Thinking Forms – the way in which we mould our thoughts

Spoken Forms – how we shape our thoughts into words or

Social Sculpture – how we mould and shape the world in which we live.” [i]

I read this book during my summer holidays, before the start of my final year at art school in Glasgow. It had a profound effect on me. At the time, I was listening to more and more ‘experimental’ music, excited by the way in which improvised music could be seen as model for a way of being in the world. I was consumed with idealistic theories of how art could change the world, and Beuys’ ideas of Social Sculpture rang true with my feelings at the time. I was also listening to a lot of folk music both from close to home and from around the world, realising how many different ways of singing there are on our planet, and how these songs are somehow portraits of the individuals as well as of the particular culture from which they come. That same year I had started to perform with my then new band ‘Nalle’, exploring the freedom that improvisation permits within the structure of more traditional song forms. What struck me whilst reading, listening, and playing was the relationship between Beuys’ ideas of sculpture moulded from invisible materials and the possibility of understanding singing as a sculptural process.

To sing is very physical process. Sound, though transient and immaterial, is a physical medium. It has a measurable volume, width, length and tempo. It exists as a physical energy, as sound waves moving through space and responding to space in particular ways. When I sing loudly I can feel the vibrations of the sound I am creating from my body. I can mould them by changing the amount of air I use and the shape of my mouth.

“… there is absolutely no possibility for a human being…. to express himself to someone else except through a material process. Even when I speak I use my larynx, bones, sound waves, for instance, and I need the substance of air…. There’s no possibility of conveying one’s meaning except through imprinting it in a particular material. And for some things less solid materials are needed than for others. But basically it’s the same thing whether I speak or combine pieces of iron and thus create an object.”[ii]

If indeed, sculptural forms can be shaped from our thoughts into words using the spoken voice, can we therefore, also understand song to be a sculptural form moulded from the singing voice? This process begins with listening and finds expression using the tongue, the larynx, air, sound waves and the ear of the listener as materials. In this way, the composition of song can be understood as a sculptural process that finds expression using the materials of the body. It therefore follows, that sound making and song naturally function as portraits of the self. Song Sculpture can thus be defined as the way in which we shape our feelings and thoughts into song.

Using my voice as well as the voices of others, I have worked with these ideas in a number of projects.

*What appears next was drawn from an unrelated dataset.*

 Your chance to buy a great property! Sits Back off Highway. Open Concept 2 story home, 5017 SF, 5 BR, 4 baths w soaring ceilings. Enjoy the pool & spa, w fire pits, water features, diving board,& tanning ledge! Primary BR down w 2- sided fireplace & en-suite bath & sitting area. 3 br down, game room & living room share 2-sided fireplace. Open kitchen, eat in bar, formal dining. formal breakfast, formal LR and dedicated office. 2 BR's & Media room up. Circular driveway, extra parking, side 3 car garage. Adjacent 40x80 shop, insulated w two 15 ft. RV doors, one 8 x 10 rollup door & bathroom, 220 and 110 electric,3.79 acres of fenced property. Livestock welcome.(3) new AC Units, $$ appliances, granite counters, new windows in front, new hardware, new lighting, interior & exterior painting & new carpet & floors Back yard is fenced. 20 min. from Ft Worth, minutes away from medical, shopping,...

Pollokshaws Song Portrait(Glasgow 2006), Kensington Cradle Songs (Liverpool 2007) and Abbeyview Note Catcher (Dunfermline 2008), bring together voices from diverse groups of people where recordings of songs and/or vocal sounds function as sculptural materials to create portraits. Airs of the Sea (Cromarty 2006), is a composition replicating the sounds of the sea, sculpted from the recordings of 100 different people’s breath. Salutation to the Sun (2006) also imitates a soundscape from the natural world; in this instance an entire dawn chorus is sculpted from a single voice. The projects experiment with dissolving language and structure, inviting the participant and/or listener to become absorbed in the merging of different layers of sound.

I use my voice as a material to compose and improvise, both alone and with other musicians. With the band Nalle I seek to explore the constituent elements of the voice within more traditional musical forms. I regard my own songs and performances as self-portraits of my personal experiences.

Find out more about Hanna here.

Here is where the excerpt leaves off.